--- Data excerpts ---

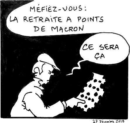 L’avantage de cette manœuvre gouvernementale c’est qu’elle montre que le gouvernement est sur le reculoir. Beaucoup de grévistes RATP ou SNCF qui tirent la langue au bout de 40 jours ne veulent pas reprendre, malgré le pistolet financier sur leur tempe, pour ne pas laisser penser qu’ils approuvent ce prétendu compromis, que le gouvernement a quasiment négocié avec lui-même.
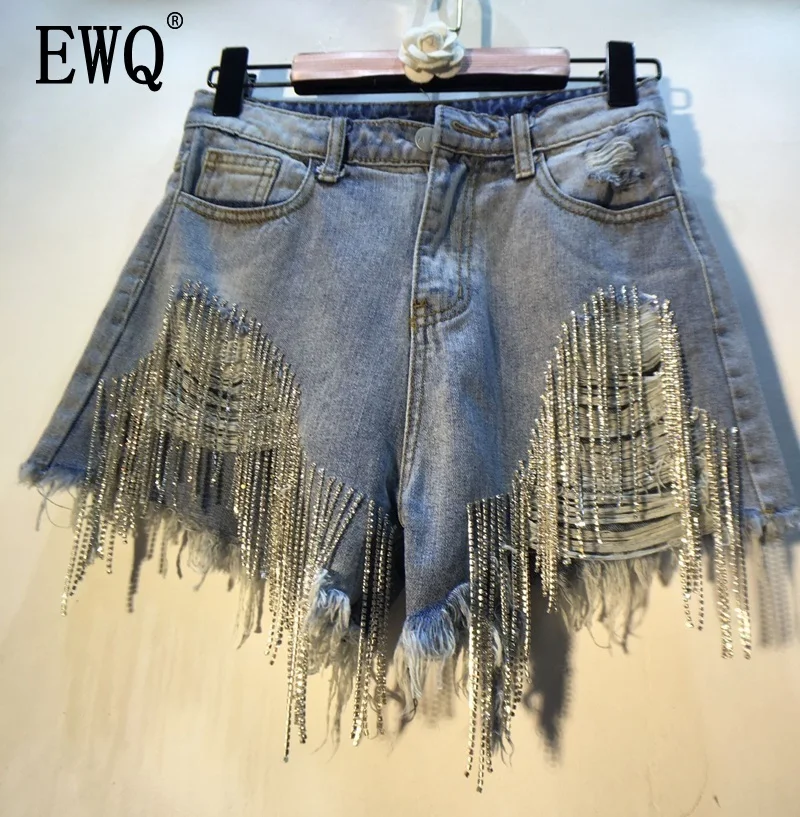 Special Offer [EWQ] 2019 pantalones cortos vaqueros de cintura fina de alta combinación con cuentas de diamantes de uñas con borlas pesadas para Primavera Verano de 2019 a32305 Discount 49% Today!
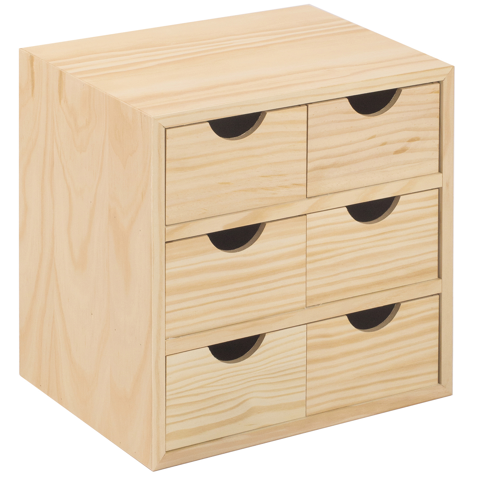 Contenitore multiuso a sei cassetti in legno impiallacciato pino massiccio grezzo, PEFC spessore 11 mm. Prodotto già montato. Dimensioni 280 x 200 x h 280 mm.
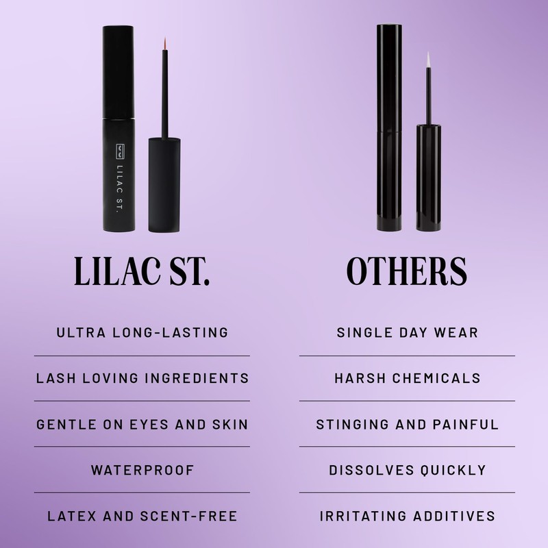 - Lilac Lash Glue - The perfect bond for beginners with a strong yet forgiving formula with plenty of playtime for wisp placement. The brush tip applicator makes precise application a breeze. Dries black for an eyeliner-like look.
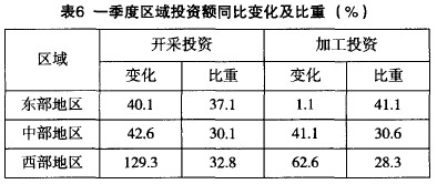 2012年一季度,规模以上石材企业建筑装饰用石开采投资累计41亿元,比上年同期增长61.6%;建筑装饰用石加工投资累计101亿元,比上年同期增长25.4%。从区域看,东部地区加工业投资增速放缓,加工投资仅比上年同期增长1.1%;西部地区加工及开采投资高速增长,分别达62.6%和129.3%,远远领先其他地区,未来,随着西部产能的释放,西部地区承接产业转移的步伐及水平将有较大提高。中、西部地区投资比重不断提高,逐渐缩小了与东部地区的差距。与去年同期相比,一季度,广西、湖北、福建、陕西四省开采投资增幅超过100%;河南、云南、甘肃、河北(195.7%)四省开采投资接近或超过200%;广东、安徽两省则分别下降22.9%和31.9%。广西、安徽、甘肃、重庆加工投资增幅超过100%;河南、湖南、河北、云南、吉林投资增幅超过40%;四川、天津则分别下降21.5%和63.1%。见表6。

---
--- Data excerpts ---

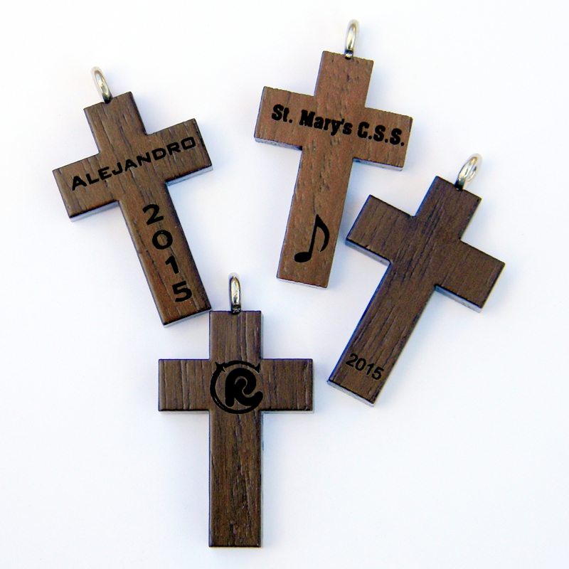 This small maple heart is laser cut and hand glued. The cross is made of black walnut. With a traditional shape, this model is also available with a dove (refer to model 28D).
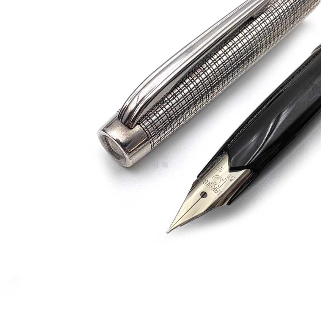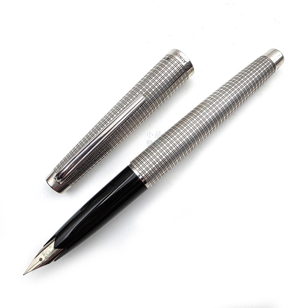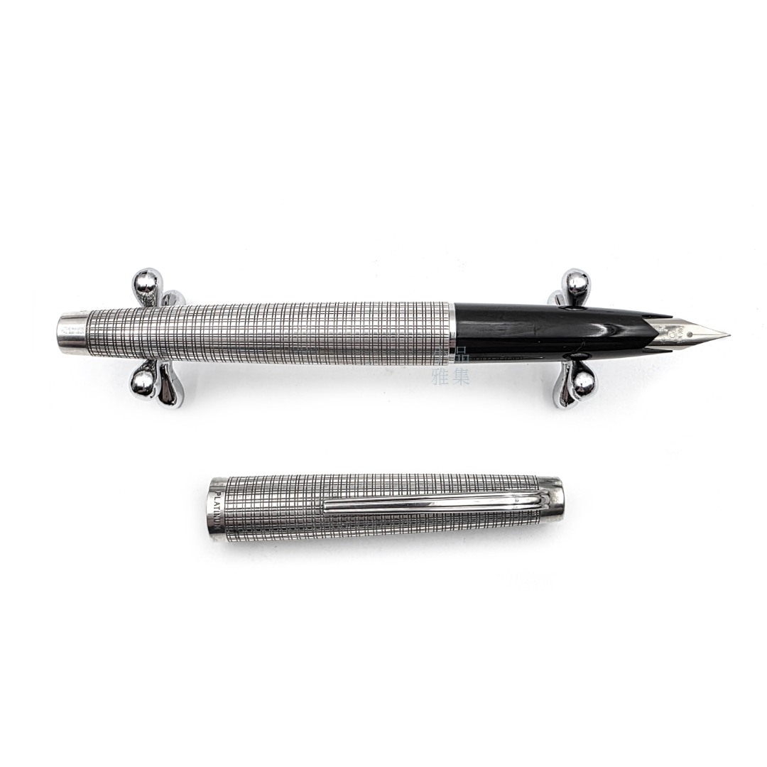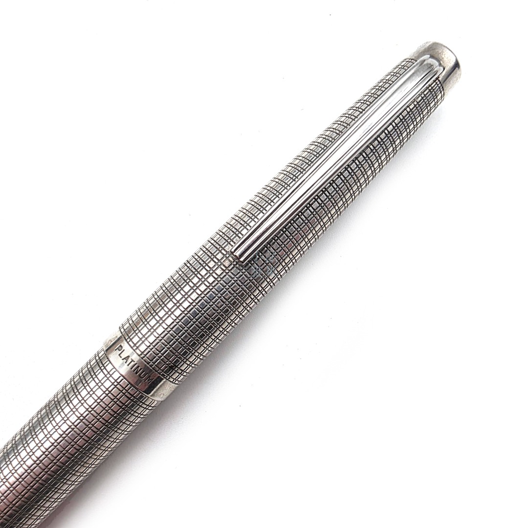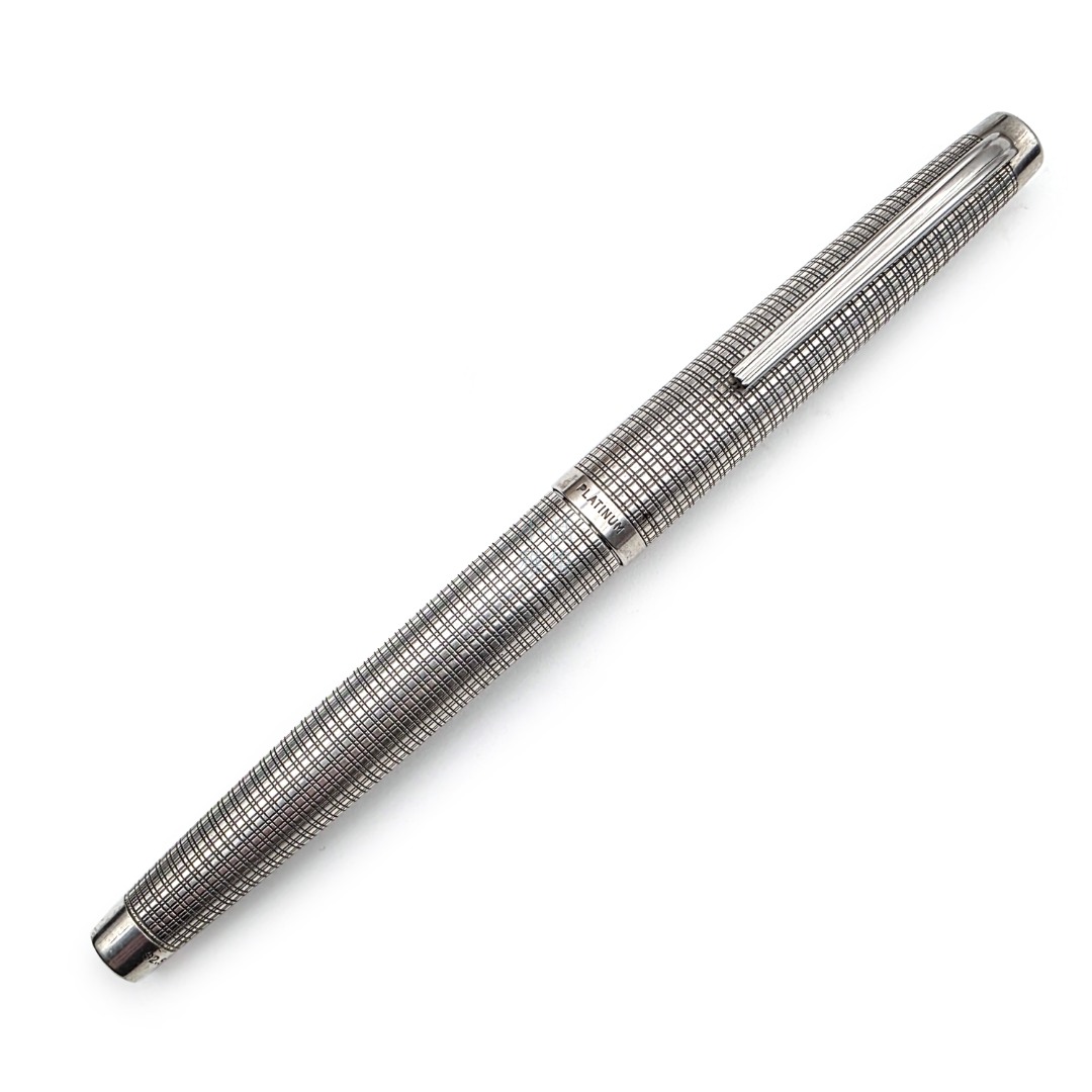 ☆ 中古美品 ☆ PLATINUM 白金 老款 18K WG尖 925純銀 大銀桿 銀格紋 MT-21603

---

All lines above from the one containing "L’avantage de cette" up to and including the one containing "- Lilac Lash" are to be set down exactly, and nothing else. Leave images out.

> [Task solution]:
 L’avantage de cette manœuvre gouvernementale c’est qu’elle montre que le gouvernement est sur le reculoir. Beaucoup de grévistes RATP ou SNCF qui tirent la langue au bout de 40 jours ne veulent pas reprendre, malgré le pistolet financier sur leur tempe, pour ne pas laisser penser qu’ils approuvent ce prétendu compromis, que le gouvernement a quasiment négocié avec lui-même.
 Special Offer [EWQ] 2019 pantalones cortos vaqueros de cintura fina de alta combinación con cuentas de diamantes de uñas con borlas pesadas para Primavera Verano de 2019 a32305 Discount 49% Today!
 Contenitore multiuso a sei cassetti in legno impiallacciato pino massiccio grezzo, PEFC spessore 11 mm. Prodotto già montato. Dimensioni 280 x 200 x h 280 mm.
 - Lilac Lash Glue - The perfect bond for beginners with a strong yet forgiving formula with plenty of playtime for wisp placement. The brush tip applicator makes precise application a breeze. Dries black for an eyeliner-like look.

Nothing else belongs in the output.